BEGIN
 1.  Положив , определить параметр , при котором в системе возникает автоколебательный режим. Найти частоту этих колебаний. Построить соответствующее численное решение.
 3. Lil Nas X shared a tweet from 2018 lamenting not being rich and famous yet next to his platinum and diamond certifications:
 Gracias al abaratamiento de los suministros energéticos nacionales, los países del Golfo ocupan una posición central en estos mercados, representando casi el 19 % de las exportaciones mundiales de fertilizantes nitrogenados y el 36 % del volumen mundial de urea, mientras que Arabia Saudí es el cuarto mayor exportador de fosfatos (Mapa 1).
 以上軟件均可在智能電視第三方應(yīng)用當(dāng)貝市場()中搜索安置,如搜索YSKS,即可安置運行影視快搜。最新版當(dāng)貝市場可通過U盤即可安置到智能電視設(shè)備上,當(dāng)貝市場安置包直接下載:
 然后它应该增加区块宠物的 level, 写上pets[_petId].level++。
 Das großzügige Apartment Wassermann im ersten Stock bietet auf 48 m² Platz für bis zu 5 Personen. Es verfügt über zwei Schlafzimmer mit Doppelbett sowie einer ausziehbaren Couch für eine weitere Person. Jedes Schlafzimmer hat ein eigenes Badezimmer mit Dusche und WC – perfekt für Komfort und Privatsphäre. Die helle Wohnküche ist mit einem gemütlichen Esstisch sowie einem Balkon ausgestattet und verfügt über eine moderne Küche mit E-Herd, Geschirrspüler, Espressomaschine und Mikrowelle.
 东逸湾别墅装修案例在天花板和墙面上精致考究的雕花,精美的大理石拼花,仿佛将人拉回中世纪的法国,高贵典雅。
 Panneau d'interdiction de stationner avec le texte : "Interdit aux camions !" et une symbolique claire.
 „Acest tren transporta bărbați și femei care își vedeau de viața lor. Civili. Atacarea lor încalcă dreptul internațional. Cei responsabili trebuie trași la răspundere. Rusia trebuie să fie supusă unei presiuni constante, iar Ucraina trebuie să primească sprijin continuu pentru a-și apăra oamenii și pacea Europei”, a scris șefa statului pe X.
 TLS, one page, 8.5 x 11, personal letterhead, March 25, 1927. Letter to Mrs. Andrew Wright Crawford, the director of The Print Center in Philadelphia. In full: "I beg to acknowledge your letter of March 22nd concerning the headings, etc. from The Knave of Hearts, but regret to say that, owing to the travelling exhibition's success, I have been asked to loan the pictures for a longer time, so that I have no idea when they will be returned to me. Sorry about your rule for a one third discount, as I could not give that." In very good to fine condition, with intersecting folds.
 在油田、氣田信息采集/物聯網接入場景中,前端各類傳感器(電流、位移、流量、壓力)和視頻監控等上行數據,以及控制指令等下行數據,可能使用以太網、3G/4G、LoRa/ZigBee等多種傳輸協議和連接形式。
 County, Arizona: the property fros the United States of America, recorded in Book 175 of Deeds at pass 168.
END
--- About this exercise ---
From the data above, extract every line in its exact form.

--- Answer space ---
 1.  Положив , определить параметр , при котором в системе возникает автоколебательный режим. Найти частоту этих колебаний. Построить соответствующее численное решение.
 3. Lil Nas X shared a tweet from 2018 lamenting not being rich and famous yet next to his platinum and diamond certifications:
 Gracias al abaratamiento de los suministros energéticos nacionales, los países del Golfo ocupan una posición central en estos mercados, representando casi el 19 % de las exportaciones mundiales de fertilizantes nitrogenados y el 36 % del volumen mundial de urea, mientras que Arabia Saudí es el cuarto mayor exportador de fosfatos (Mapa 1).
 以上軟件均可在智能電視第三方應(yīng)用當(dāng)貝市場()中搜索安置,如搜索YSKS,即可安置運行影視快搜。最新版當(dāng)貝市場可通過U盤即可安置到智能電視設(shè)備上,當(dāng)貝市場安置包直接下載:
 然后它应该增加区块宠物的 level, 写上pets[_petId].level++。
 Das großzügige Apartment Wassermann im ersten Stock bietet auf 48 m² Platz für bis zu 5 Personen. Es verfügt über zwei Schlafzimmer mit Doppelbett sowie einer ausziehbaren Couch für eine weitere Person. Jedes Schlafzimmer hat ein eigenes Badezimmer mit Dusche und WC – perfekt für Komfort und Privatsphäre. Die helle Wohnküche ist mit einem gemütlichen Esstisch sowie einem Balkon ausgestattet und verfügt über eine moderne Küche mit E-Herd, Geschirrspüler, Espressomaschine und Mikrowelle.
 东逸湾别墅装修案例在天花板和墙面上精致考究的雕花,精美的大理石拼花,仿佛将人拉回中世纪的法国,高贵典雅。
 Panneau d'interdiction de stationner avec le texte : "Interdit aux camions !" et une symbolique claire.
 „Acest tren transporta bărbați și femei care își vedeau de viața lor. Civili. Atacarea lor încalcă dreptul internațional. Cei responsabili trebuie trași la răspundere. Rusia trebuie să fie supusă unei presiuni constante, iar Ucraina trebuie să primească sprijin continuu pentru a-și apăra oamenii și pacea Europei”, a scris șefa statului pe X.
 TLS, one page, 8.5 x 11, personal letterhead, March 25, 1927. Letter to Mrs. Andrew Wright Crawford, the director of The Print Center in Philadelphia. In full: "I beg to acknowledge your letter of March 22nd concerning the headings, etc. from The Knave of Hearts, but regret to say that, owing to the travelling exhibition's success, I have been asked to loan the pictures for a longer time, so that I have no idea when they will be returned to me. Sorry about your rule for a one third discount, as I could not give that." In very good to fine condition, with intersecting folds.
 在油田、氣田信息采集/物聯網接入場景中,前端各類傳感器(電流、位移、流量、壓力)和視頻監控等上行數據,以及控制指令等下行數據,可能使用以太網、3G/4G、LoRa/ZigBee等多種傳輸協議和連接形式。
 County, Arizona: the property fros the United States of America, recorded in Book 175 of Deeds at pass 168.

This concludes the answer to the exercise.